Device Viewable Objects are objects that can be used as kernel arguments. All Device Viewable objects are derived from the class DeviceViewable. Device Viewable Objects have their own type information maintained internally. Therefore, you see that the kernel and for-loop parameters do not have their types defined explicitly. You can consider that all parameters are “templated”, which means their types are decided by the recieved arguments.

Basic Types

The following types of Device Viewable Objects can be initalized using values of basic types.

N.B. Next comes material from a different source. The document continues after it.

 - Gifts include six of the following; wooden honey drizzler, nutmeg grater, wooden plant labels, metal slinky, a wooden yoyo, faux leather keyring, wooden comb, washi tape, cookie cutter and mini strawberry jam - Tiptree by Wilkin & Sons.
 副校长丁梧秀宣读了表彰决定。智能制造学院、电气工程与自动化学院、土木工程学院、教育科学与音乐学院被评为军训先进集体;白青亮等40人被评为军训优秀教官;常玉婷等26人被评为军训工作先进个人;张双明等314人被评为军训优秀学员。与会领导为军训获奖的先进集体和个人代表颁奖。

Name of Class	C++ Type	Creation (C++)	Creation (JAVA)
DVInt8	int8_t	DVInt8 x(42);	DVInt8 x = new DVInt8(42);
DVInt16	int16_t	DVInt16 x(42);	DVInt16 x = new DVInt16(42);
DVInt32	int32_t	DVInt32 x(42);	DVInt32 x = new DVInt32(42);
DVInt64	int64_t	DVInt64 x(42);	DVInt64 x = new DVInt64(42);
DVFloat	float	DVFloat x(42.0f);	DVInt64 x = new DVFloat(42.0f);
DVDouble	double	DVDouble x(42.0);	DVInt64 x = new DVDouble(42.0);

Tuples

Tuples can be created by combining multiple Device Viewable Objects. Different from Thrust, in ThrustRTC, elements of a Tuple are accessed by their names, not by indices. The names of elements need to be specified at the creation of Tuples.

// C++
DVInt32 d_int(123);
DVFloat d_float(456.0f);
DVTuple d_tuple( { {"a", &d_int}, {"b",&d_float} });

// JAVA
DVInt32 d_int = new DVInt32(123);
DVFloat d_float = new DVFloat(456.0f);
DVTuple d_tuple = new DVTuple(new DeviceViewable[]{d_int, d_float}, new String[]{ "a", "b"});

Advanced Types

Besides the basic types and Tuples, Vectors and Functors are also Device Viewable Objects. These objects will be explained in separated sections.

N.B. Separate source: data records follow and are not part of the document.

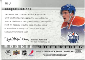 2011-12 UD Series 2 Rookie Jersey Materials Anton Lander č. RM-LA
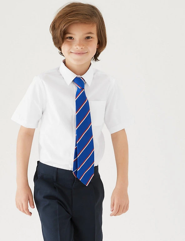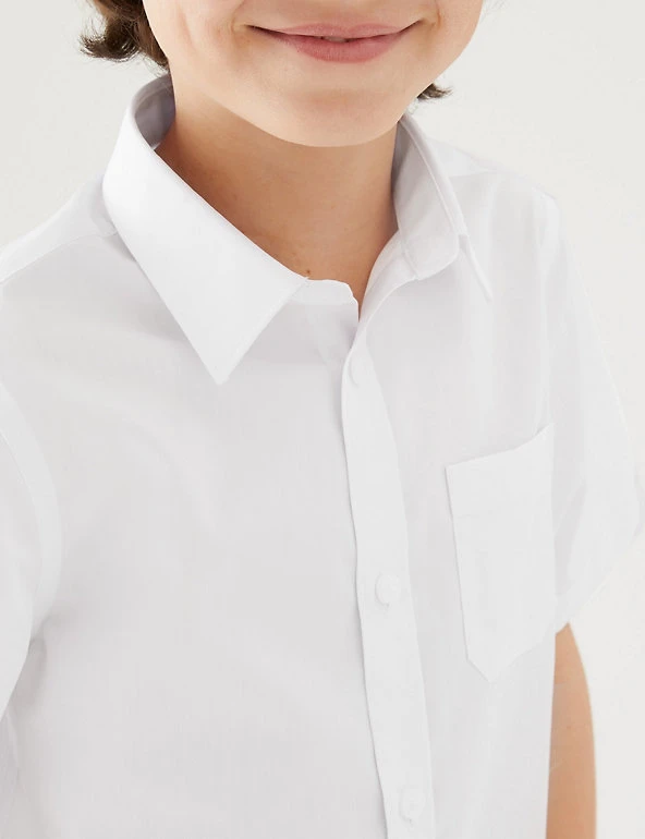 Regular fit, Button fastening, Short sleeve, Stain resistant, Non iron technology, Easy close up to age 8 years only
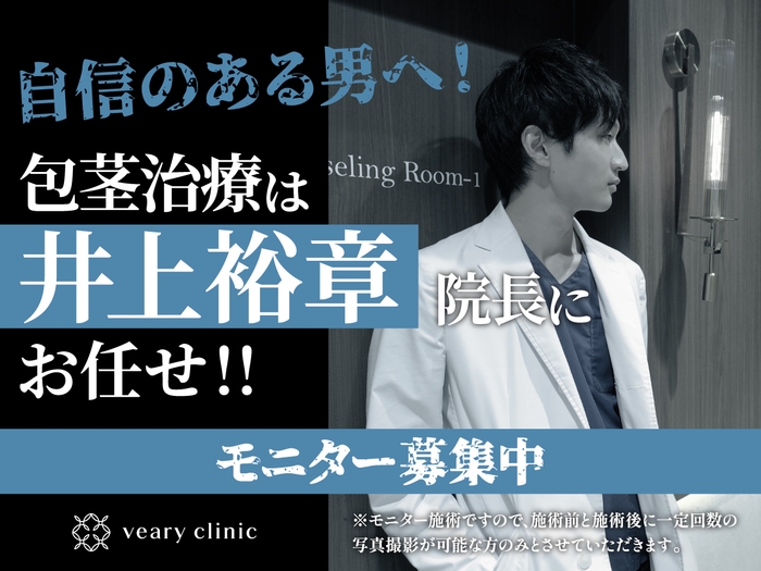 港区六本木(六本木駅 より徒歩3分)にある下半身美容が専門の美容クリニック「veary clinic(ヴェアリークリニック)」は、2022年9月1日〜2022年9月30日までの期間に「自信のある男へ!包茎治療は井上裕章院長にお任せ!!」キャンペーンを開催します。
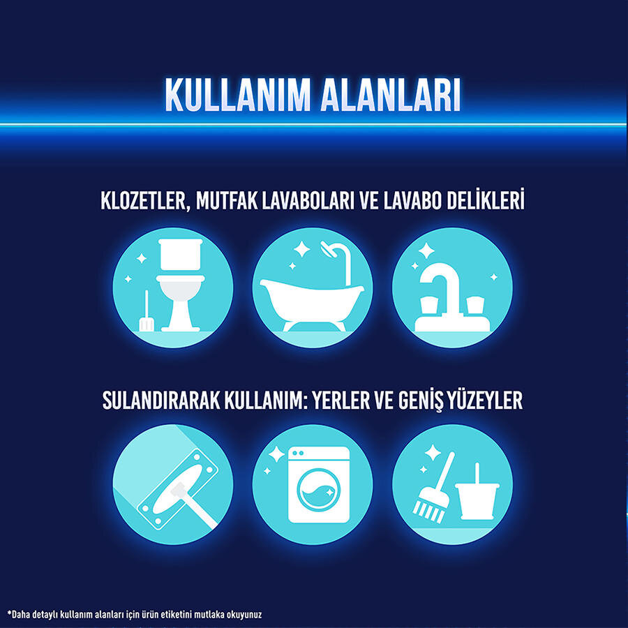 Klozetler: Klozet temizleyici olarak kullanmak isterseniz klozetin kenar kıvrımının içine üst kısmından başlayarak sıkın ve gece boyunca beklemeye bırakın.
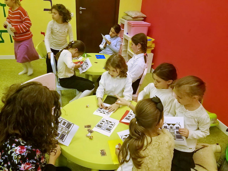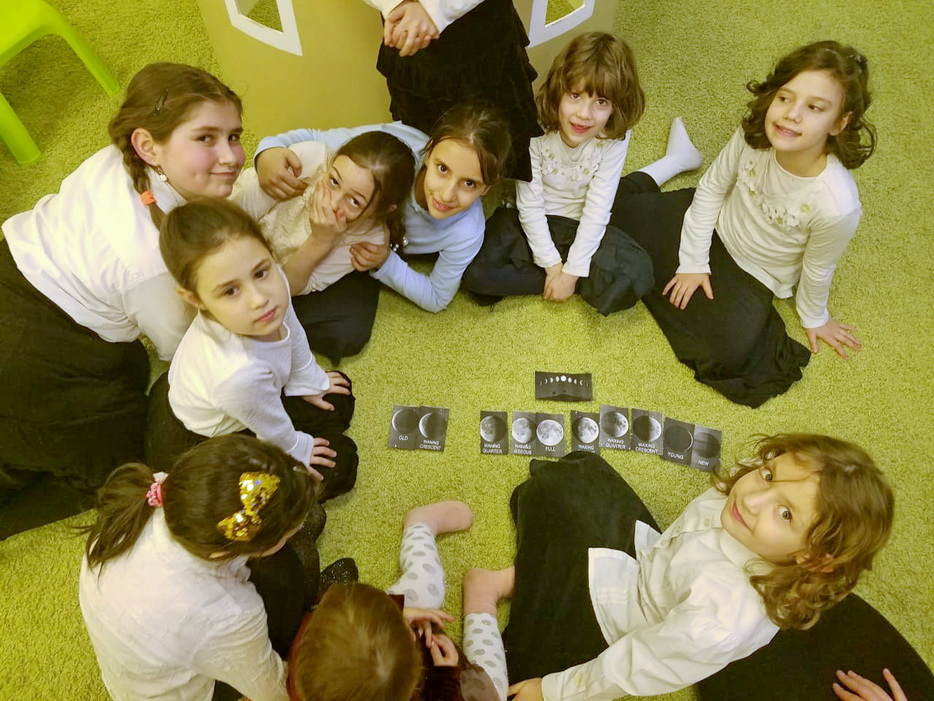 Вместе с Фридой Чупиной, дети разучили нигун на Рош Ходеш Кислев; произнесли псуким; посмотрели кукольное представление, подготовленное Дворой Симой Романовской и Хаей Мушкой Чупиной; делали аппликации, изображающие здание «Севен Севенти», в двери которой виден Ребе; а кроме того, изучали фазы луны, тоже с определенным смыслом, связанным с месяцем Кислев. «Мы говорили, что Ребе подобен луне, иногда его видно, иногда – нет, но он всегда с нами, как луна, которая никуда не исчезает, – рассказала нашему сайту Ривка Бородкина, – мы учили про фазы луны и дети должны были в конце занятия самостоятельно расположить фазы луны в правильном порядке».
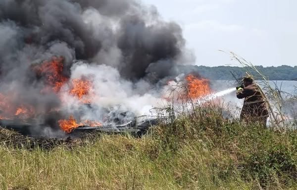 Protección Civil Municipal trabajaron intensamente para sofocar en su totalidad el incendio de pastizales y llantas acumuladas.
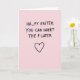 Cette carte est sur un fond rose blush doux qui donne une impression de douceur et d'invitation, avec une pointe de flirt 🌷. Centré près du haut, un lettrage épais dessiné à la main en noir indique « HA_PY EASTER », laissant un espace notable où une lettre devrait se trouver. Juste en dessous, le même texte noir continue avec « VOUS POUVEZ INSÉRER LE P PLUS TARD », transformant la lettre manquante en un petit coup de coude coquin entre amis proches ou un couple 🐰. Les lettres semblent légèrement inégales et décontractées, comme une note rapide griffonnée avec un marqueur, ce qui rend la blague plus intime. Le texte noir fort se détache nettement sur le fond rose pâle, gardant vos yeux sur le message et l'espace vide. Plus bas sur la carte, un simple contour de cœur noir est centré, faisant écho au style de ligne décontracté des mots et ajoutant une touche tendre
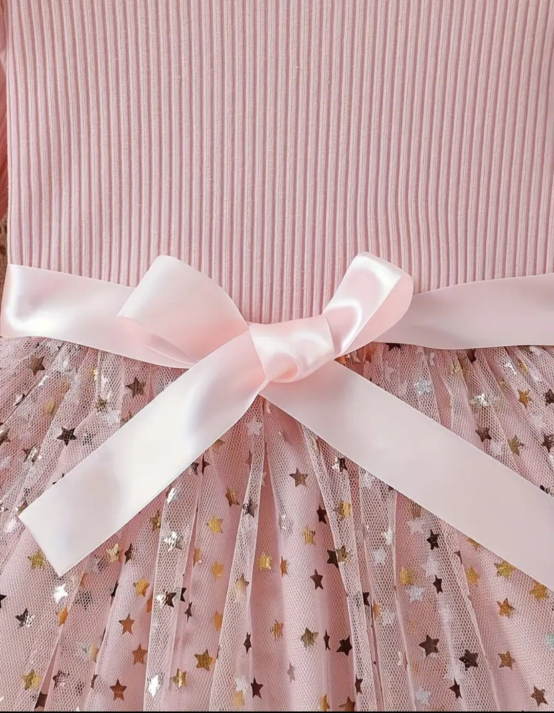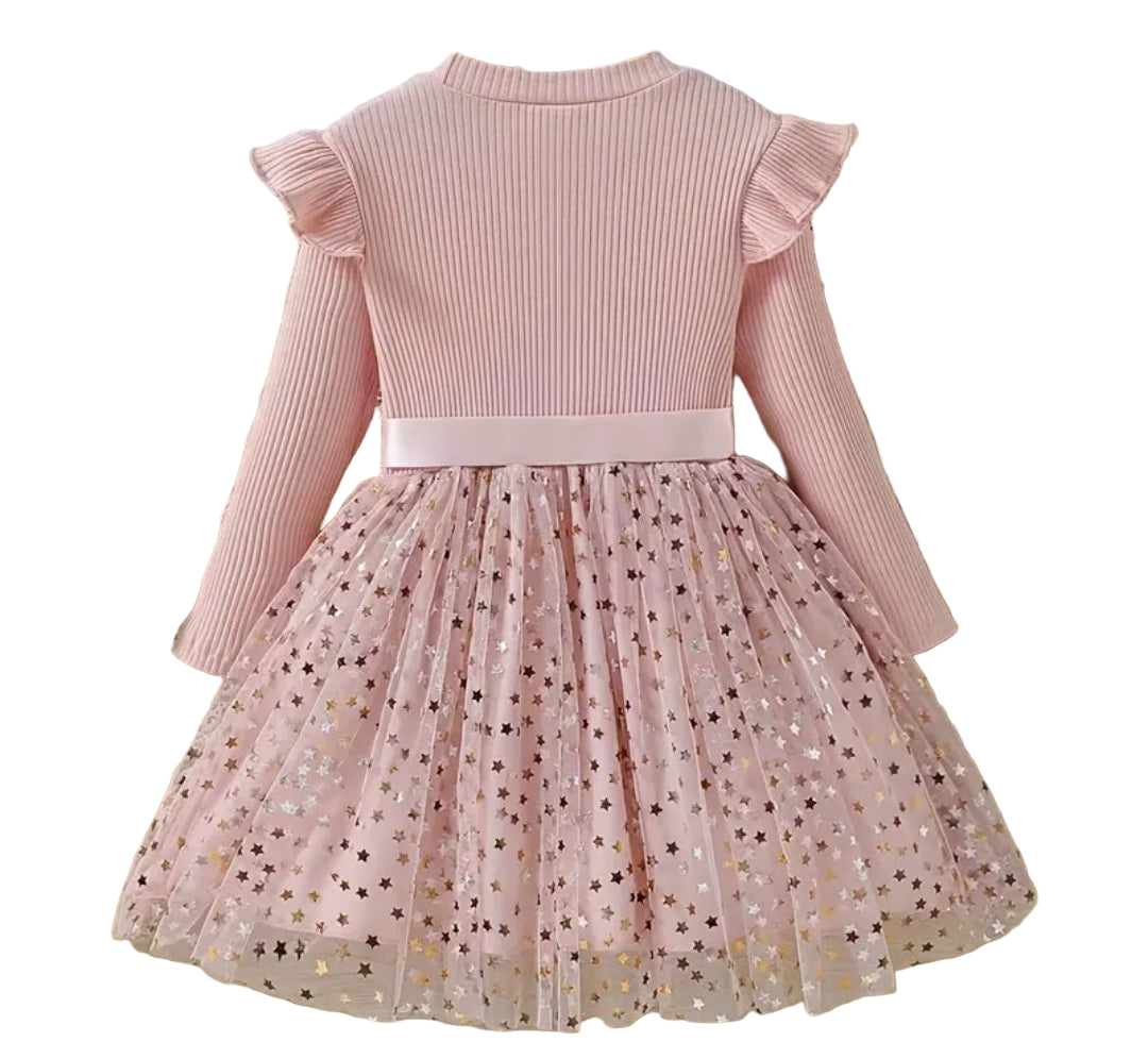 jurk voor Kerst. Bovenzijde van tricot en onderzijde van tule met gouden spikkels. In roze ,zwart en wijnrood verkrijgbaar.

An incomplete hierarchy of Device Viewable Objects:

Vectors

Just like in Thrust, Vector is used as the most important data-container in ThrustRTC.

A difference between ThrustRTC and Thrust is that there are no “iterators” in ThrustRTC. Vectors are Device Viewable Objects, and algorithms works directly on Vectors.

In Thrust, there are “Fancy Iteractors” like “constant_iterator”, “counting_iterator”. In ThrustRTC, the corresponding functionalities are provided through “Fake Vectors” – Device Viewable Objects that can be accessed by indices but does not necessarily have a storage.

DVVector

Creation

In C++ code, a DVVector object can be created given the following:

Name of the type of elements: it can be anything that CUDA recognizes as a type.
Number of elements
A pointer to a host array as source (optional)

// C++
int hIn[8] = { 10, 20, 30, 40, 50, 60, 70, 80 };
DVVector dIn("int32_t", 8, hIn);
DVVector dOut("int32_t", 8);

In JAVA, there are 2 ways to create a DVVector object.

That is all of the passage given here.